Orang yang pertama memberikan perhatian kepada tumbuhnya aliran-aliran dalam
tasawuf Islam itu adalah Fakhruddin Al Razi.
Secara garis besar, alam pemikiran tasawuf dalam Islam telah melahirkan tujuh aliran
besar. Ketujuh aliran itu adalah :
1. Aliran Ittihad
Zun Nun Almisry (245 H) adalah sufi yang pertama kalinya mengemukakan faham
ma`rifah dalam tasawuf dan dalam perkembangannya. Menurut Zun Nun, bahwa ma`rifah yang
hakiki adalah ma`rifah sifat wahdaniyyah yang bagi wali-wali Allah secara khusus karena
mereka menyaksikan Allah dengan hati mereka, maka terbukalah bagi mereka apa-apa yang
tidak terbuka bagi orang lainnya.[1]
Apa yang telah dirintis oleh Zun Nun itu dikembangkan lebih jauh oleh Abu Yazid Thaifur
bin Isa Al Bistami (261 H). Abu Yazidlah orang pertama sekali secara terbuka mengemukakan
ajran ittihad. Ittihad adalah kepercayaan bahwa khaliq (Allah) dapat bersatu dengan makhluk
(manusia). Yakni hubungan yang terjadi antara zat makhluk dengan khaliq. Apabila terjadi hal
ini maka makhluk akan berada dalam keadaan tak sadr diri, yang mereka namakan mahwu.[2]
2. Aliran Hulul
Al-Hulul adalah kepercayaan bahwa Allah bersemayam di tubuh salah seorang, yang
kiranya bersedia untuk itu, karena kemurnian jiwanya dan kesucian ruhnya. Di antara orang-
orang yang menganut akidah dan kepercayaan ini ialah Al-Hallaj.
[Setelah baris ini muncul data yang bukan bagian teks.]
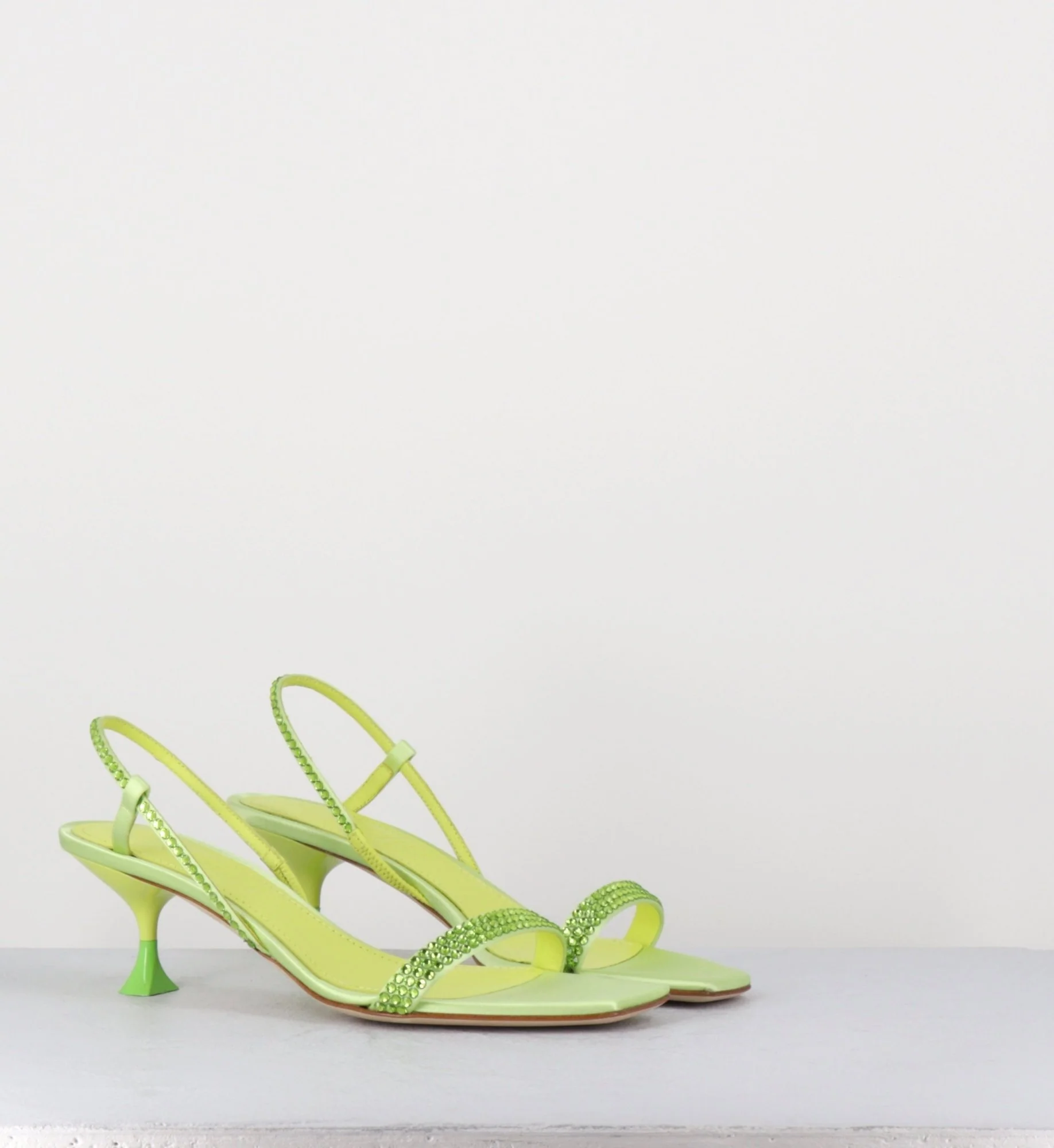 Sandales en satin vert clair, élégante bride arrière slingback, ornées de petits strass ton sur ton, bout carré doux, montées sur un petit talon stylisé légèrement incurvé avec détail finition PVC vert pomme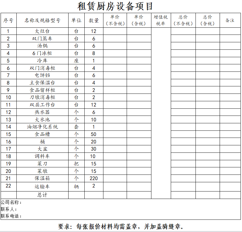 项目概况:为满足展会供餐需求,现需租赁厨房设备项目进行招募(详情见附件:询价清单)

Ajaran-ajaran Al-Hallaj tentang tasawuf tergambar dalam buah fikiran yang terpisah-pisah
dan di dalam teori yang bersifat ekstrim. Menurut Abul Qasim Al Razi, Al Hallaj pernah menulis
sebuah surat yang berbunyi : “ Dari yang maha pengasih lagi maha penyayang kepada fulan bin
fulan”. Tatkala ditanya orang mengapa dia menulis dengan kata-kata tersebut, dia memeberikan
jawban bahwa” Penulis itu hanya Allah sedang aku dan tanganku hanyalah alat belaka”.[3]
3. Aliran Ittishal
Aliran tasawuf Ittishal dikemukakan oleh para filsuf Islam terutama Al Farabi, Ibnu Sina,
Ibnu Bajah, dan Ibnu Tufail.
Abu Nasr Muhammad Al-Farabi di dalam mengemukakan konsepsinya tentang tasawuf,
tidak terlepas dari keahliannya sebagi filsuf. Tasawuf menurut Al-Farabi, bukan hanya
membahas masalah amal untuk kebersihan jiwa, memerangi hawa nafsu, dan kelezatan
badaniyah saja, tetapi juga harus melalui akal dan pemikiran itu sendiri.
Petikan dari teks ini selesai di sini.